Claiming is the process by which the adoptive parents come to accept the adopted child as their own and as a full-fledged member of the family. Identifying similarities between the adopted child and adoptive parents and other family members facilitates acceptance of the child which gives the child the same status as a member of the family as other members. This may be difficult when there are differences in history, appearance, values, interests or behavior between family members.
Family integration identifies the challenge of bringing two different family systems together, that of the adopted child, and of the adoptive family, to form a new family system. Formal and informal rules of family living, which have developed over the years, must suddenly change. New patterns of family interaction and new family roles must be developed so that life can get back to where all family members know what to expect.
Identify formation is an issue for the adoptive family and the adopted child. Identity relates to one's sense of self that has identifiable boundaries and value. Identity is rooted in family history. For a child with a history different than other family members this can present challenges. The family also seeks to find a new identity as an adopted child gains membership and everyone comes to know what being an adoptive family means. Identity is formed, both consciously and unconsciously, through experiences, interaction with and exposure to other people, and by making decisions concerning who one is and what one will be.
What is fetal alcohol syndrome (FAS)?
FAS is not a single birth defect.

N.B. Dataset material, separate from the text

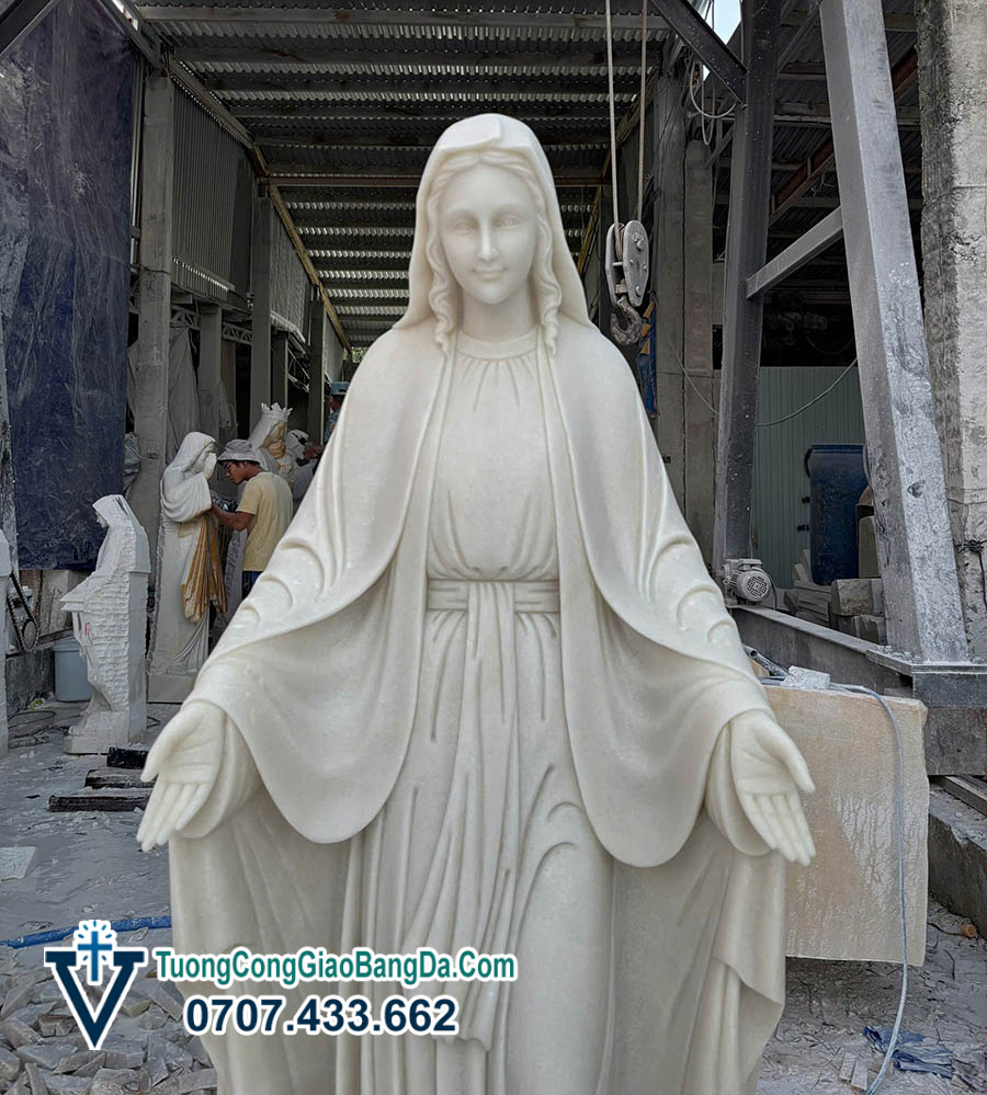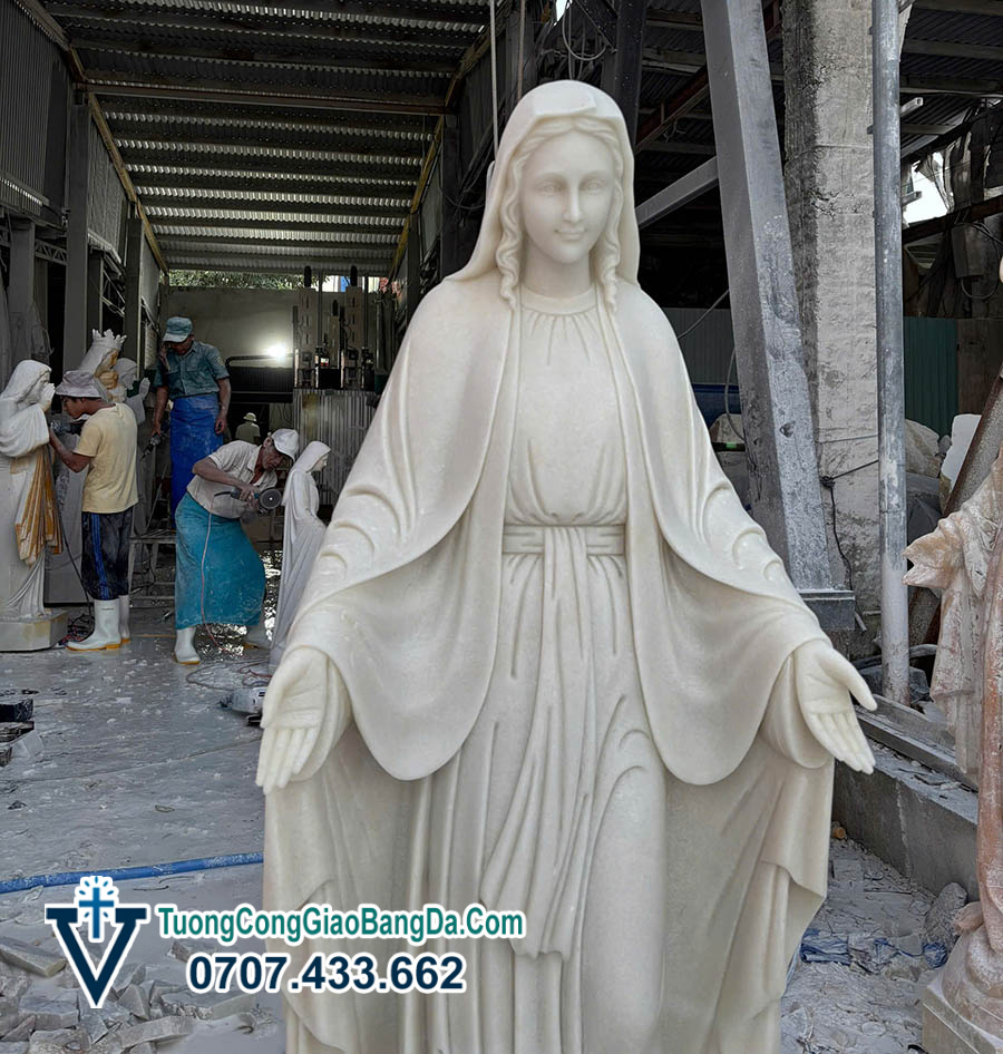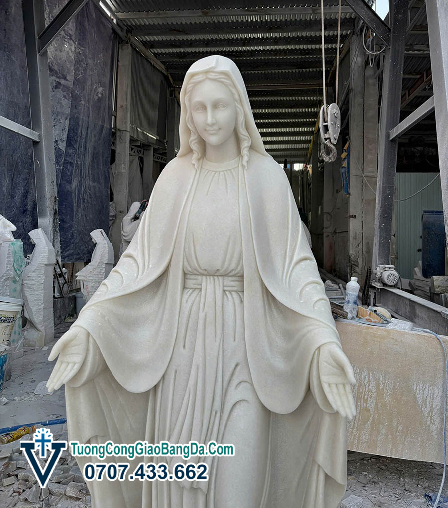 Tượng Đức Mẹ Ban Ơn bằng đá cẩm thạch tự nhiên, cao 1,7 mét, được chế tác thủ công tại Xưởng điêu khắc tượng Công Giáo bằng đá Văn Vĩnh, là một tác phẩm điêu khắc mang giá trị cao cả về đức tin, nghệ thuật và độ bền vững theo thời gian. Đây là mẫu tượng được nhiều giáo xứ, nhà thờ và gia đình Công Giáo lựa chọn để tôn kính và đặt nơi trang nghiêm.

Instead, it's a cluster of related conditions, including:
- Characteristic facial shape or appearance (such as small eyelid openings, smooth skin surface between nose and upper lip)
- Small head size
- Retarded growth before and after birth
- Mental retardation
- Short attention span
- Behavioral problems
Babies with fetal alcohol effects (FAE) have some but not all of these characteristics. More recently, physicians have used the term "alcohol-related birth defects" to describe babies and children who have problems related to prenatal alcohol exposure but who don't meet the criteria for fetal alcohol syndrome.